Among Muslims, the case highlighted deeper issues difficult to discuss openly. Questioning of whether the state should enforce Syariah Court decisions is only one expression of dissent; among more prosperous middle class people, there is a dislike of what are regarded as petty restrictions on how they live their lives. They feel that how people dress and what they eat and drink should be left to the consciences of individual Muslims and not be subject to compulsion and punishment. They often have a low opinion of the religious police; some voice the opinion that the officers hired are probably unemployable in any other capacity. Certainly, they resent the intrusiveness of a force that devotes considerable effort to checking on the behavior of young Muslim couples who meet each other in public spaces such as parks, to investigating whether Muslims who are not married to each other are committing the offense of “close proximity” in sharing a hotel room, and to checking on who is out clubbing or bar hopping, which they regard as a personal matter. They hesitate to raise the issue in public out of fear of being accused of being apostates, or at least being criticized as going against Islam.

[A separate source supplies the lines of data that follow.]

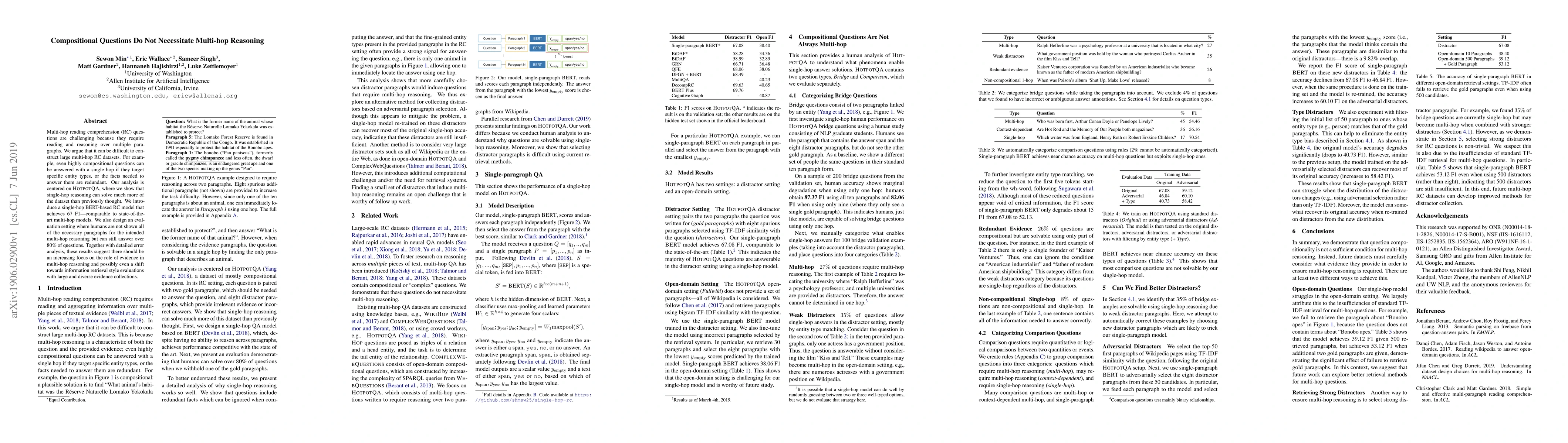 This paper argues that many compositional questions in multi-hop reading comprehension can be answered using single-hop reasoning due to specific entity types or redundant facts. A single-hop BERT-based model achieves comparable performance to multi-hop models, suggesting a shift towards evidence-focused evaluations.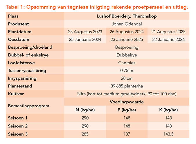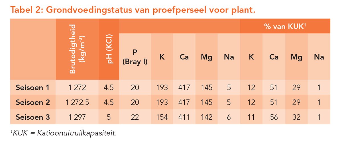 Die produkteproef by Petrusburg is in ’n ewekansige blokontwerp met drie herhalings per kultivar uitgelê. Tabel 1 bevat relevante tegniese inligting rakende die proef. Grondmonsters is voor plant geneem om die grondvoedingstatus van die proefperseel te bepaal (Tabel 2).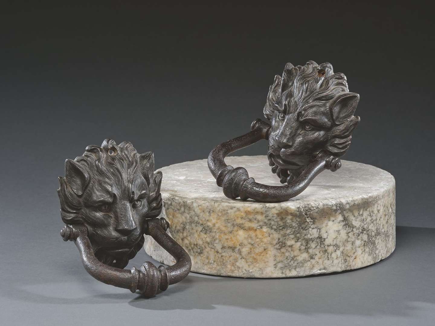 PAIRE DE HEURTOIRS AUX MUFLES DE LIONS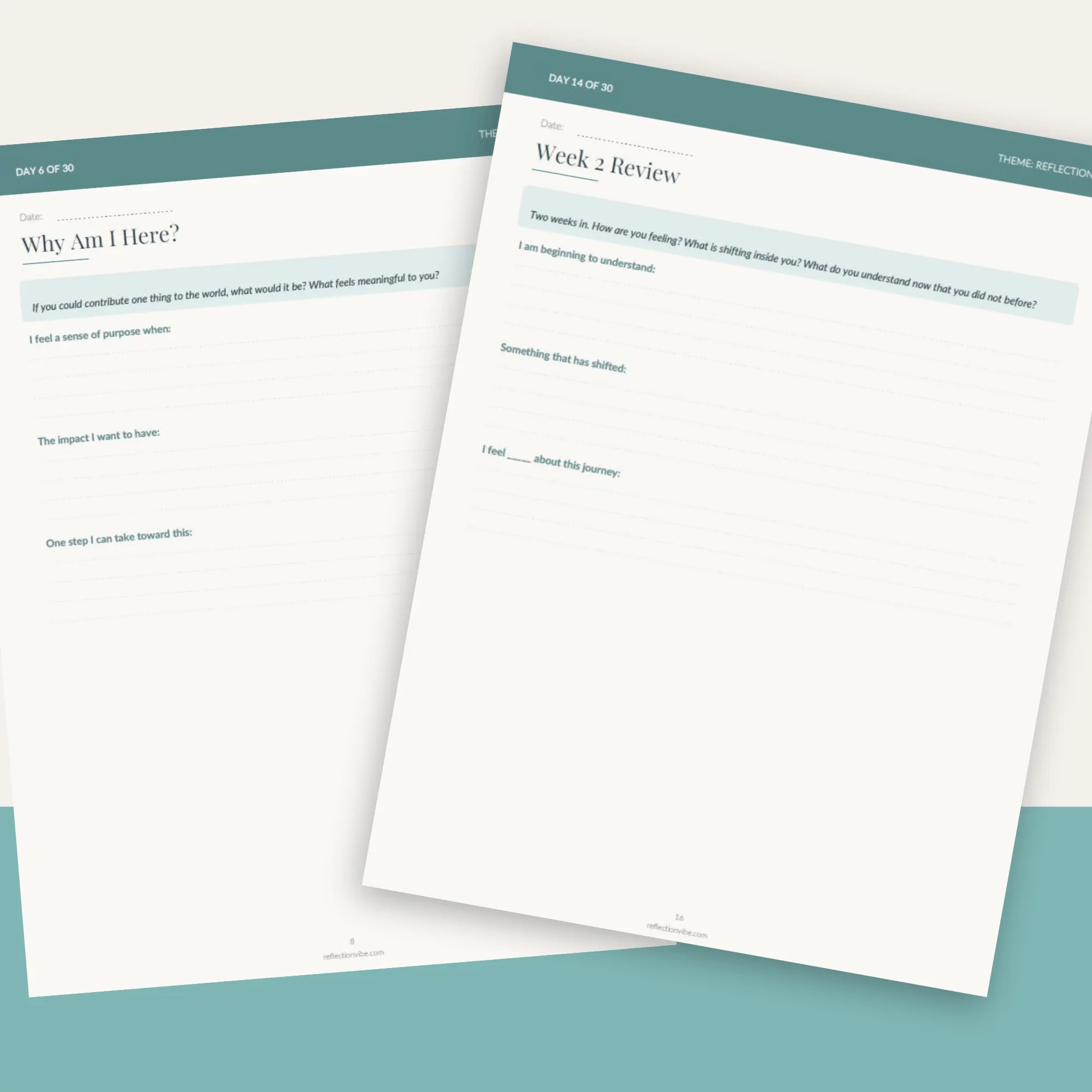 One prompt per day. Give yourself at least 15 to 20 minutes of quiet time. Be honest — no one will read this but you. Every seven days, use the weekly review page to integrate your insights.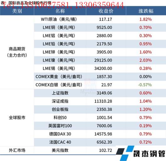 ◎首席汪建華:展望6月鋼鐵市場(chǎng),雖然市場(chǎng)仍有下行壓力,但還是有望出現(xiàn)修復(fù)性反彈。在經(jīng)歷充分調(diào)整后,隨著疫情管控逐步好轉(zhuǎn),各項(xiàng)政策的落地和逐步發(fā)力,厚壁無(wú)縫鋼管需求有望逆季節(jié)回升,處于近1年來(lái)低位的鋼價(jià),將迎來(lái)修復(fù)性反彈,并拉開(kāi)下半年鋼價(jià)反彈的序幕。詳情>>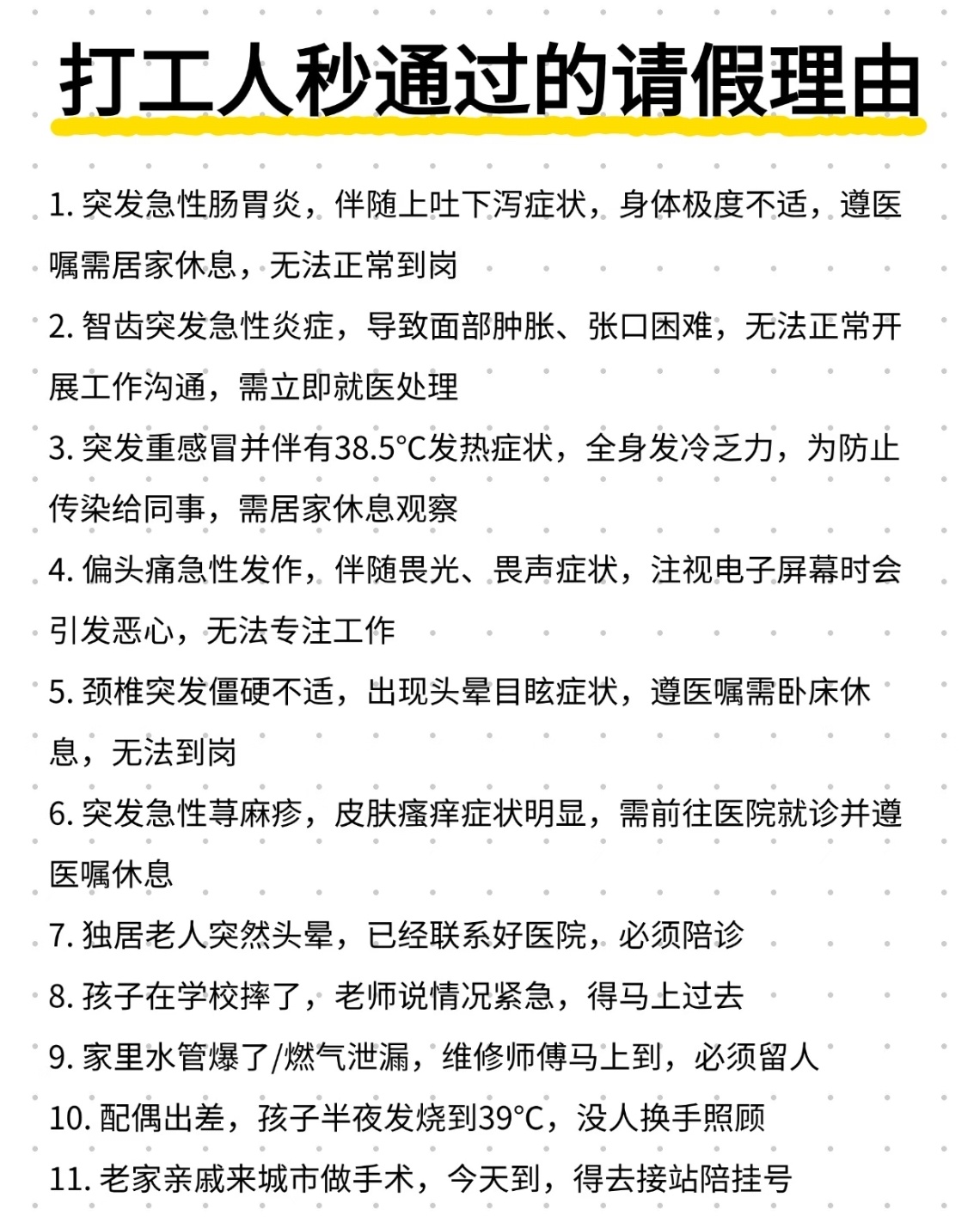 不用辞职请个假就行了十一种请假理由,让领导无法拒绝!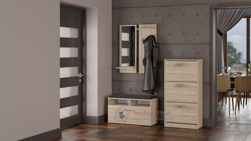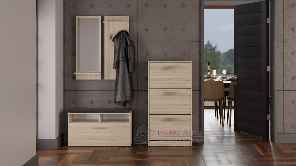Pečlivé zpracování a minimalistický design dodají vaší předsíni styl i funkční úložný prostor. Nábytek je vyroben z vysoce kvalitního lamina, které je snadno udržovatelné a odolné proti oděru, dlouhou životnost nábytku zajišťují hrany zakončené ABS materiálem.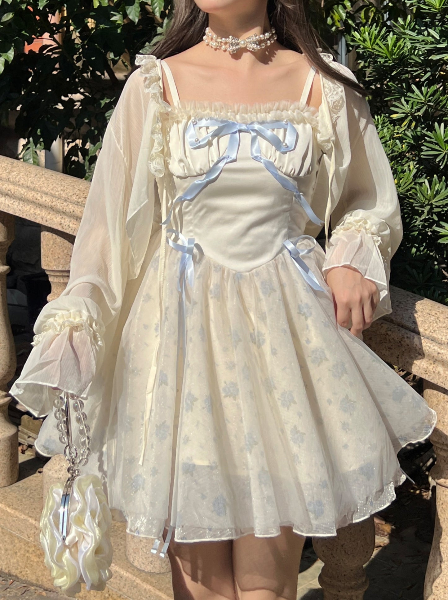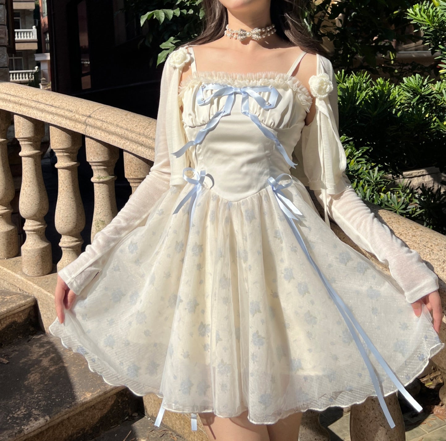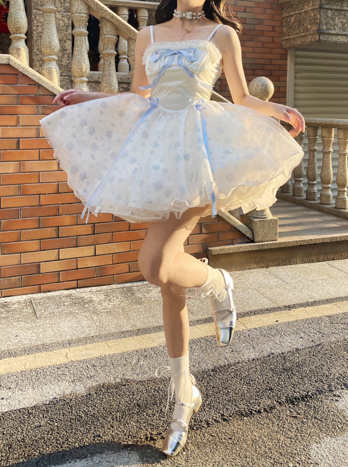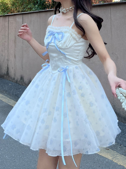 Ruellia Rococo Girl Blue Floral White Strap Dress

Alarm at such attitudes has been one of the elements driving religious conservatives in their determination to defend existing religious authority and extend its role. They see their society as under threat from a secularizing tendency and they want to keep a lid on it. Between these two outlooks are the majority which both PAS and the government know they must court: traditional, fairly conservative, but with a “don’t ask, don’t tell” attitude toward lapses and indiscretions that don’t cause material losses to others.
Japan’s New Government—Impact Of Iraq War Still Felt
Japan’s Liberal Democratic Party (LDP) suffered a decisive defeat in the country’s Aug. 30 general election. The Democratic Party of Japan (DJP) won more than two-thirds of the seats in Japan’s Lower House.
The main issue in the elections was the state of the economy, which has, at best, sustained a low rate of growth since the 1990s.
A secondary issue was Japan’s relationship with the U.S. The DPJ opposed Japanese participation in the Afghanistan and Iraq wars, and, shortly before the election, party leader Yukio Hatoyama wrote an op-ed for The New York Times in which he said that “as a result of the failure of the Iraq war and the financial crisis, the era of U.S.-led globalism is coming to an end.” Instead, he said, the world was moving toward an “era of multi-polarity.”
Such views are being voiced elsewhere in the world, but it is probably in East Asia, where China looms large as a powerful neighbor, that they have the most immediate practical impact. From Japan to Indonesia, a subtle reshuffling of diplomatic and strategic priorities is taking place, in which China—and, to a lesser extent, India—are given more weight and the U.S. less. The international political environment is being reshaped in ways that will have many consequences, including in the Middle East, where the Obama administration has been making efforts to promote a Palestine-Israel peace settlement. Washington may not be better placed than it is now to do that.
John Gee is a free-lance journalist based in Southeast Asia, and the author of Unequal Conflict: The Palestinians and Israel.